Bitcoin fell more than 3% on Friday to around $65,000 after briefly topping $69,000 earlier in the week, leaving it trading at roughly half its all-time high of $126,080. The decline came as US equities weakened, with the S&P 500 down 0.7% and the Nasdaq slipping 1.15% by Friday morning, while gold rose 1.4% to $5,268 as investors sought safer assets. After a turbulent start to the week marked by a sell-off and renewed volatility following President Donald Trump’s 10% global tariff coming into effect, a short-lived boost from strong Nvidia earnings steadied markets before momentum faded once Bitcoin approached the $70,000 level.
Other major cryptocurrencies tracked Bitcoin lower, with Ethereum dropping more than 5% to $1,918, XRP falling about 4% to $1.35 and Solana sliding over 5% to $81.50. Crypto-related stocks were hit harder than the broader indices, with CoreWeave plunging 21% to $76.92 after Macquarie cut its price target from $115 to $90, citing earnings misses and heavy investment needs, while BitMine Immersion Technologies fell 7.3% and Sharplink declined 6.7% amid weakness in Ethereum treasury firms. In contrast, Jack Dorsey’s Block Inc rose nearly 15% after announcing it would cut 40% of its workforce in a shift towards greater reliance on AI. Source
Ethereum continues to attract institutional capital despite the rise of faster and cheaper blockchains, largely because it hosts the deepest pools of liquidity, stablecoins and decentralised finance activity. Kevin Lepsoe, founder of ETHGas and a former Morgan Stanley derivatives executive, argues that while high transactions per second figures excite engineers, traditional financial institutions prioritise where capital is already concentrated. Ethereum holds the largest stablecoin market capitalisation at $160.4 billion and remains the leading network for real-world assets, including BlackRock’s tokenised Treasury fund BUIDL, more than 30% of which sits on Ethereum. For large asset managers and fund issuers, operating in the deepest market ensures tighter spreads, lower slippage and the ability to move significant sums without distorting prices.
Although rivals such as Solana have marketed themselves as high-speed alternatives and attracted waves of retail activity, Ethereum’s liquidity advantage has proved more durable. Layer-2 rollups helped reduce high transaction fees on the main chain, even if they temporarily fragmented liquidity, and Ethereum is now refocusing on scaling its base layer, with the planned Glamsterdam fork in 2026 set to raise the block gas limit significantly and pave the way towards 10,000 transactions per second over time. Developers and infrastructure providers are also working on efficiency improvements, while co-founder Vitalik Buterin has signalled a reassessment of the current layer-2 model. Despite institutions also exploring networks such as Solana and Canton for specific features like privacy, Ethereum’s long track record and entrenched liquidity position continue to anchor it as the primary destination for institutional blockchain activity. Source
A packed week on the United States economic calendar comes as markets absorb the fallout from US-Israeli strikes on Iran and renewed geopolitical tension in the Middle East. Volatility is expected as US stock futures react to the weekend developments, while crypto markets, which were relatively flat on Sunday, have resumed their typical Monday pullback. President Donald Trump outlined details of Operation Epic Fury, vowing continued military action, though market commentators noted that oil prices have already pared back much of their initial surge, US stock futures are only slightly lower and gold has risen, suggesting investors are cautious but not panicking.

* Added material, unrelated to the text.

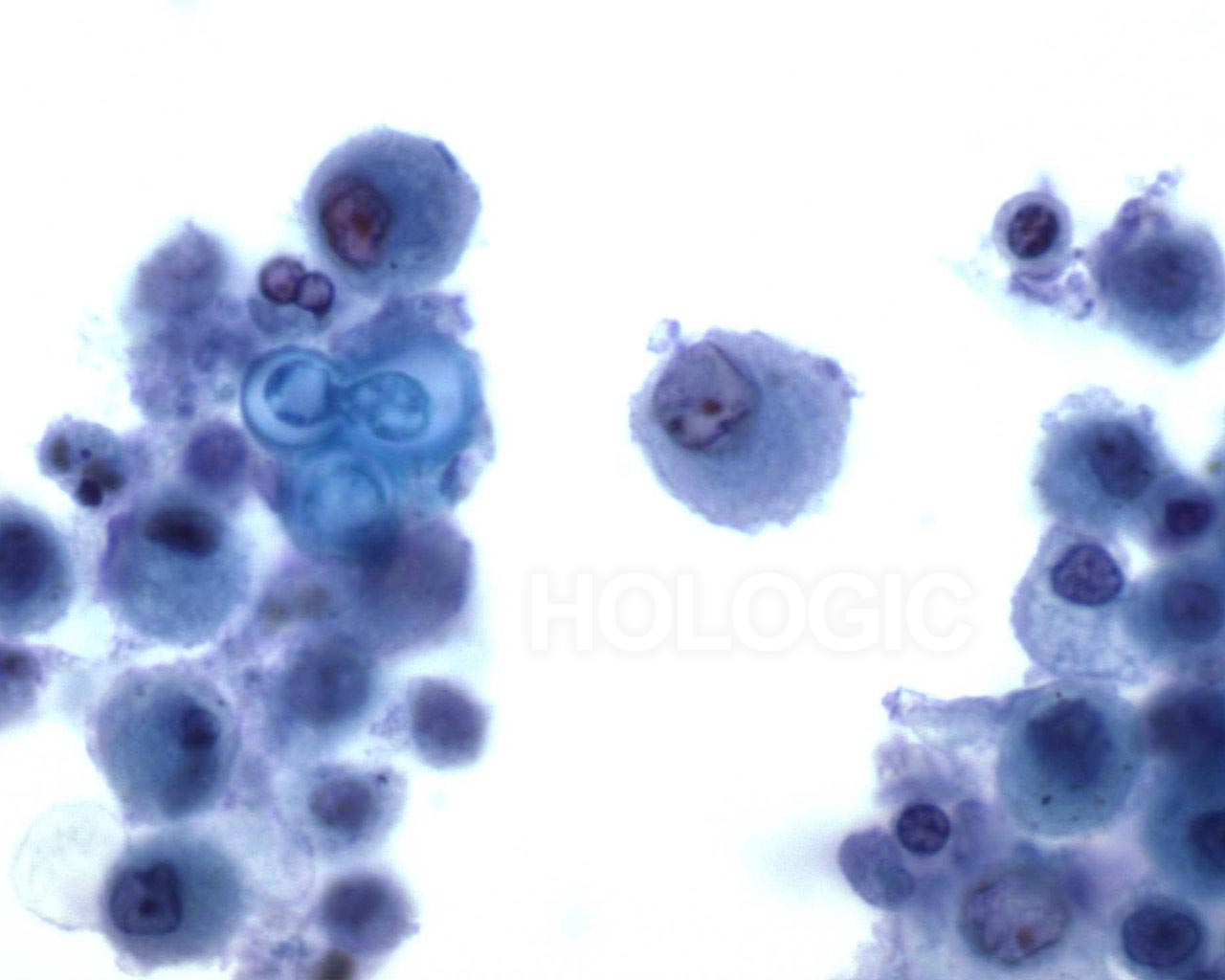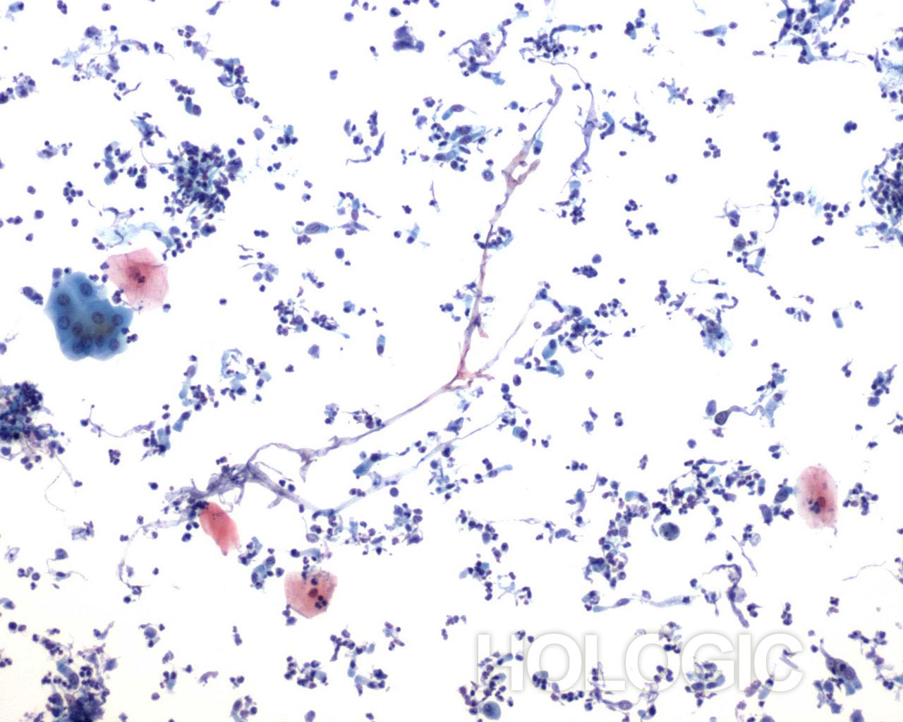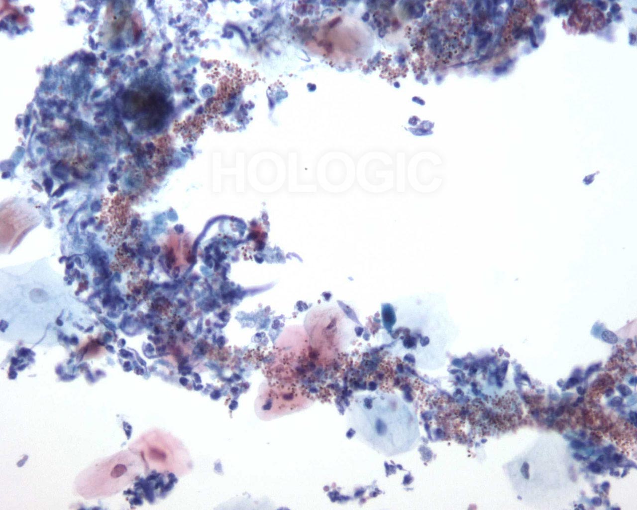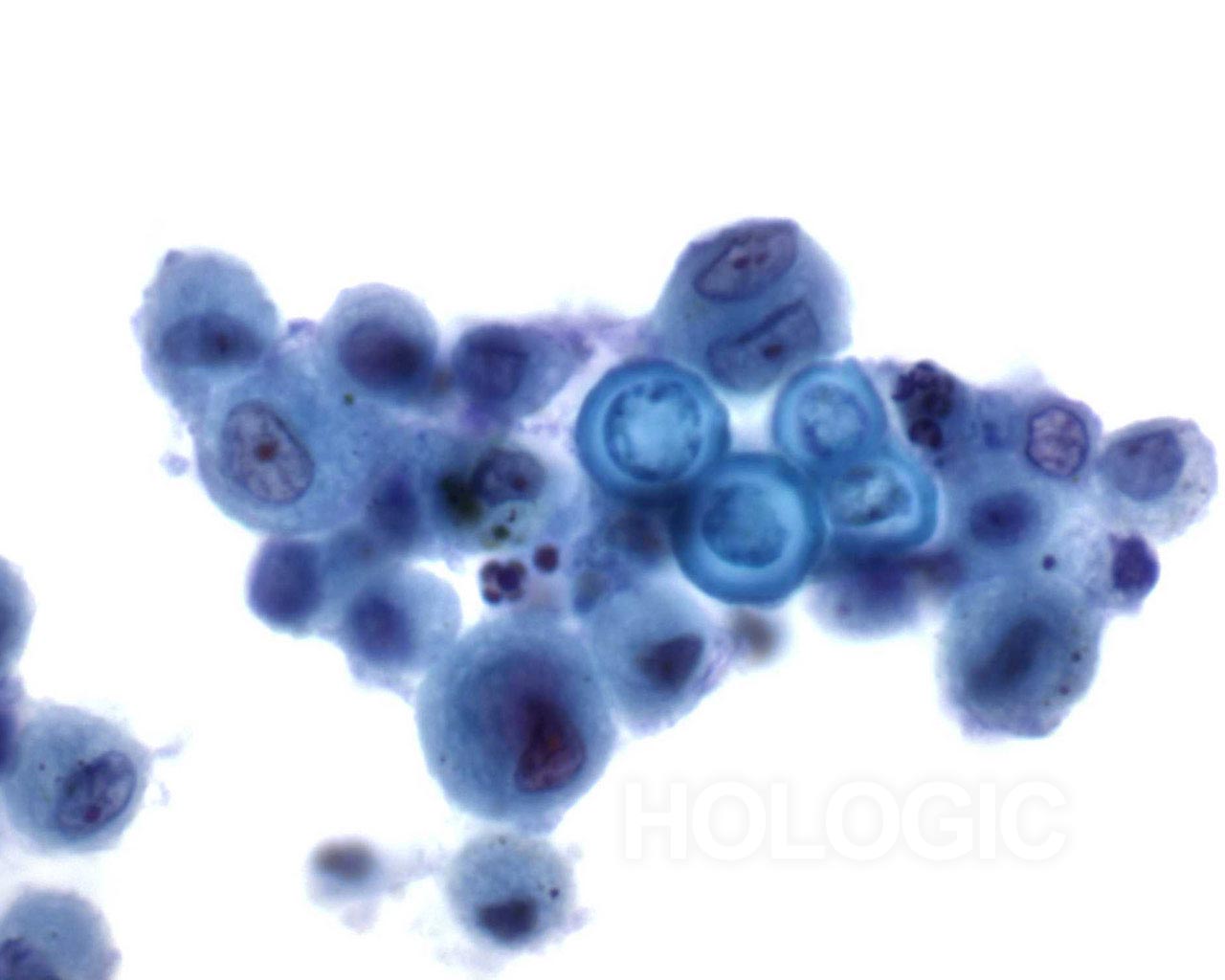 酵母様真菌が、口腔の扁平上皮細胞と混在しています。これは、ほぼ菌混入を示しています。

Attention now turns to a series of key economic releases between March 2 and 6, particularly labour market data closely watched by the Federal Reserve. The week begins with February’s ISM Manufacturing PMI, followed by the ADP Employment report on Wednesday, Initial Jobless Claims on Thursday and the February Jobs Report on Friday, which will also include January retail sales data and is expected to show an increase of 60,000 jobs. In crypto markets, total capitalisation has slipped back to $2.35 trillion, Bitcoin has retreated to around $66,300 after repeated rejections at $67,000, and Ether has fallen below $2,000 to $1,950, with major altcoins such as XRP, Solana, Cardano, Canton and Stellar also posting losses. Source
Ethereum’s long-discussed account abstraction, also known as smart accounts, is set to be introduced with the Hegota upgrade within a year, according to co-founder Vitalik Buterin. He said developers have been working on the concept since 2016 and that EIP-8141 now consolidates and resolves the remaining issues the proposal was designed to address. The upgrade will introduce a system of frame transactions, allowing a single transaction to be broken into multiple frames that can reference each other’s data and separately handle authorisation and gas payments, making the structure more flexible while remaining general purpose.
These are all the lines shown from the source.